PROBLEM DETAILS: The lines wanted are those from the one containing "精密塑性成形研究室2014级" to the last line of the entries below; output them exactly, leaving out pictures.

AVAILABLE DATA:

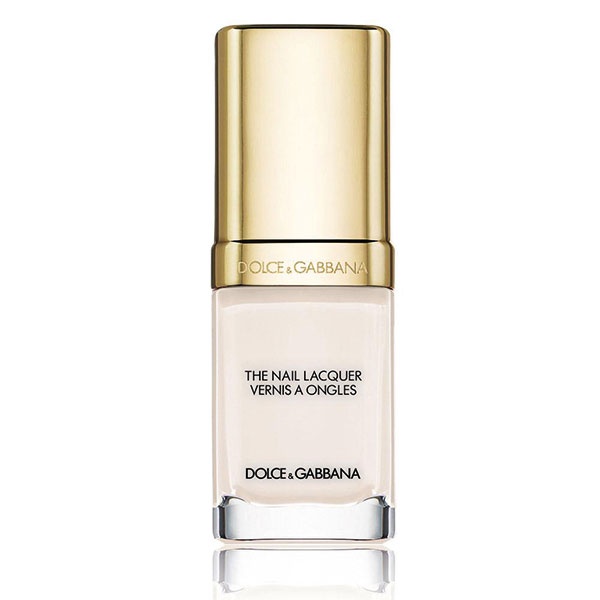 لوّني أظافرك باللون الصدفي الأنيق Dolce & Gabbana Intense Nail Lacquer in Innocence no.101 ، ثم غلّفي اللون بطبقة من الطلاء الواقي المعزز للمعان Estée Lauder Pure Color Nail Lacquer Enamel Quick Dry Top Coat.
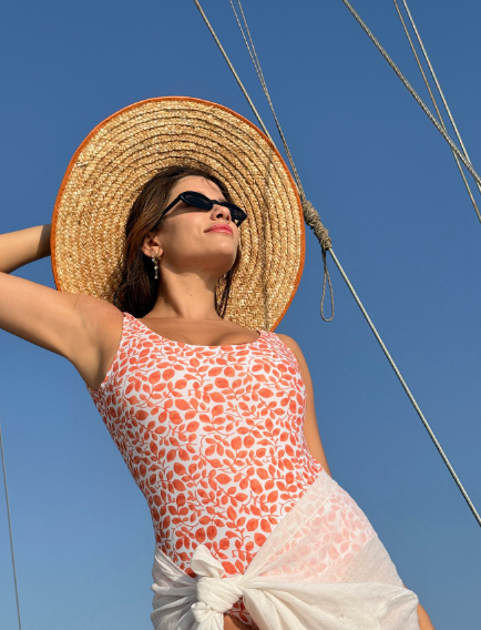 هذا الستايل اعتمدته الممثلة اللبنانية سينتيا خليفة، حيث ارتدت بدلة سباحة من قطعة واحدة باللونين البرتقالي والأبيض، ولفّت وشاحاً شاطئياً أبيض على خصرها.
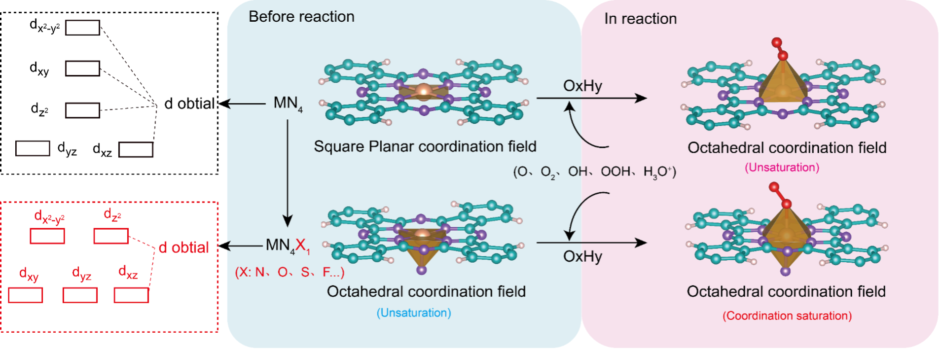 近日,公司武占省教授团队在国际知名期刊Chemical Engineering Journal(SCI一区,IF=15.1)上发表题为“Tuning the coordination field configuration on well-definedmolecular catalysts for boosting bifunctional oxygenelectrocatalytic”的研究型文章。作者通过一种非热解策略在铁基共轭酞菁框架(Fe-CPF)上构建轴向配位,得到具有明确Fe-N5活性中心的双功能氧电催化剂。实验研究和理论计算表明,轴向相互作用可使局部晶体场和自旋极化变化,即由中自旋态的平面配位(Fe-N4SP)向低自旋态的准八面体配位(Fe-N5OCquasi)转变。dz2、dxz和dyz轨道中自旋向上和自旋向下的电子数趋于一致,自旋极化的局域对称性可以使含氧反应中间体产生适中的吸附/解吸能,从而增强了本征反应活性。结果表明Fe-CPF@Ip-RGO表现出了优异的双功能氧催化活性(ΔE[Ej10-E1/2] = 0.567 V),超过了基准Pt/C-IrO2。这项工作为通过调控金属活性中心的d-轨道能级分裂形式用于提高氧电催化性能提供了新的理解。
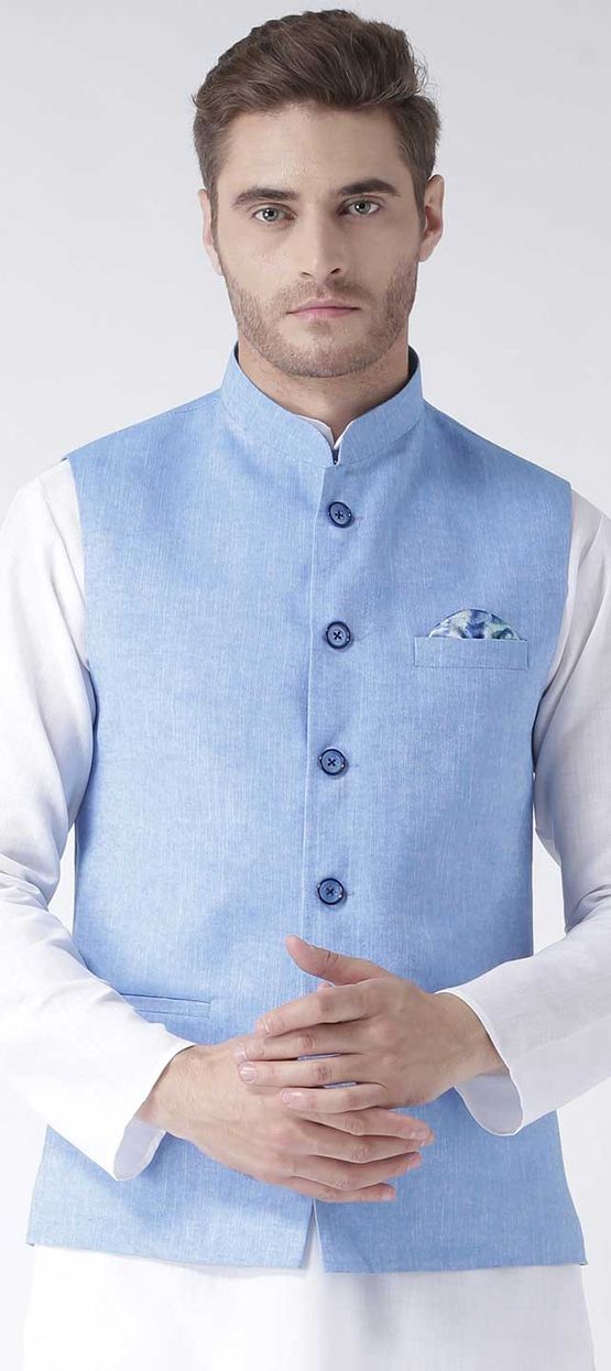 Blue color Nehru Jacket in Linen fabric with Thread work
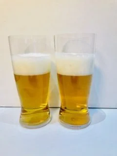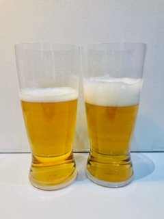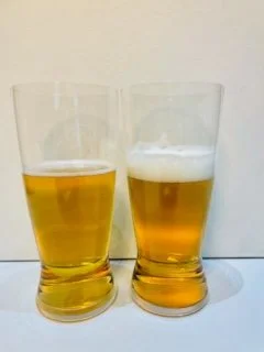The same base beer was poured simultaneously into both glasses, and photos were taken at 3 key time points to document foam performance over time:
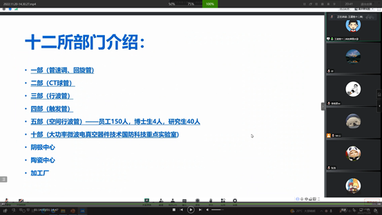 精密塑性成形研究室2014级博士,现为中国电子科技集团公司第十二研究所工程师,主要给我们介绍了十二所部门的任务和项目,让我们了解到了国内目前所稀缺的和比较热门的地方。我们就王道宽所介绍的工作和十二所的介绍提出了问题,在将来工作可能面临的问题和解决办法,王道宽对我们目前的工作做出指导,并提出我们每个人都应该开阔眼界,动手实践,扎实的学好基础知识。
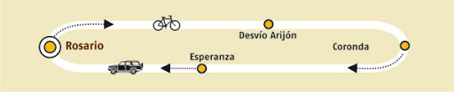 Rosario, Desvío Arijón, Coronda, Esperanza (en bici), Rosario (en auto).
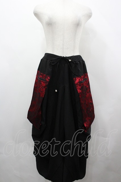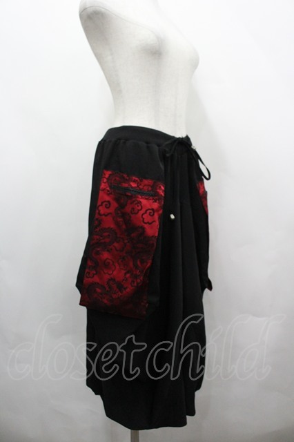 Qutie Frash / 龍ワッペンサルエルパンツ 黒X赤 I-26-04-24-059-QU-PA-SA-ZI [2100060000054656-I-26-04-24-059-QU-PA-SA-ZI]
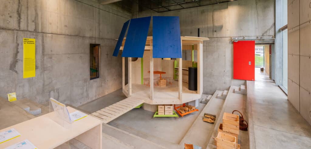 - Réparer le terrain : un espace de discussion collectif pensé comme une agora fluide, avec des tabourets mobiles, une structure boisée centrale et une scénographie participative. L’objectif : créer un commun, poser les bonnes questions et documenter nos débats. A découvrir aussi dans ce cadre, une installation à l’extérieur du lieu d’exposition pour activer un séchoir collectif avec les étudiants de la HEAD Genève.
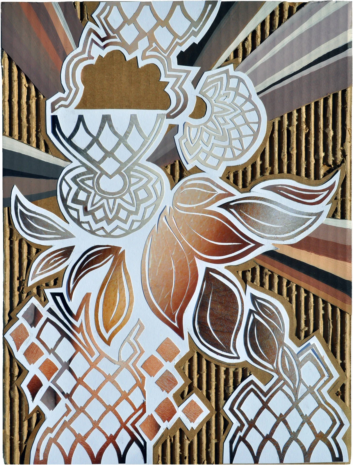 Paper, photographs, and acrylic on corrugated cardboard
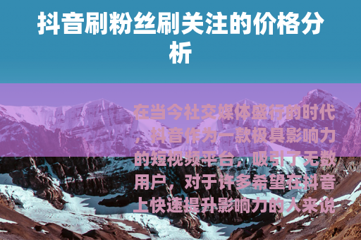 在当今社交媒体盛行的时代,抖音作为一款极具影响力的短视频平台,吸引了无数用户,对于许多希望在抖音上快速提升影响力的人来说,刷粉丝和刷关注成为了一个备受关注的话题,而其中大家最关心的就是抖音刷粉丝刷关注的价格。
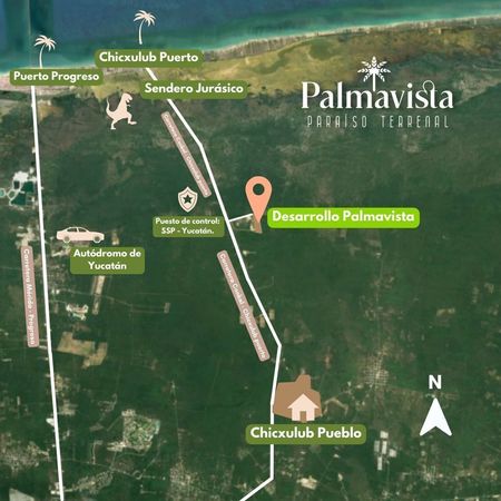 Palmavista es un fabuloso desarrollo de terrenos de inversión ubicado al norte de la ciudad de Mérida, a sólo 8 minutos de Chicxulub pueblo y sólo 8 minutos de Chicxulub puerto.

TASK OUTPUT:
 精密塑性成形研究室2014级博士,现为中国电子科技集团公司第十二研究所工程师,主要给我们介绍了十二所部门的任务和项目,让我们了解到了国内目前所稀缺的和比较热门的地方。我们就王道宽所介绍的工作和十二所的介绍提出了问题,在将来工作可能面临的问题和解决办法,王道宽对我们目前的工作做出指导,并提出我们每个人都应该开阔眼界,动手实践,扎实的学好基础知识。
 Rosario, Desvío Arijón, Coronda, Esperanza (en bici), Rosario (en auto).
 Qutie Frash / 龍ワッペンサルエルパンツ 黒X赤 I-26-04-24-059-QU-PA-SA-ZI [2100060000054656-I-26-04-24-059-QU-PA-SA-ZI]
 - Réparer le terrain : un espace de discussion collectif pensé comme une agora fluide, avec des tabourets mobiles, une structure boisée centrale et une scénographie participative. L’objectif : créer un commun, poser les bonnes questions et documenter nos débats. A découvrir aussi dans ce cadre, une installation à l’extérieur du lieu d’exposition pour activer un séchoir collectif avec les étudiants de la HEAD Genève.
 Paper, photographs, and acrylic on corrugated cardboard
 在当今社交媒体盛行的时代,抖音作为一款极具影响力的短视频平台,吸引了无数用户,对于许多希望在抖音上快速提升影响力的人来说,刷粉丝和刷关注成为了一个备受关注的话题,而其中大家最关心的就是抖音刷粉丝刷关注的价格。
 Palmavista es un fabuloso desarrollo de terrenos de inversión ubicado al norte de la ciudad de Mérida, a sólo 8 minutos de Chicxulub pueblo y sólo 8 minutos de Chicxulub puerto.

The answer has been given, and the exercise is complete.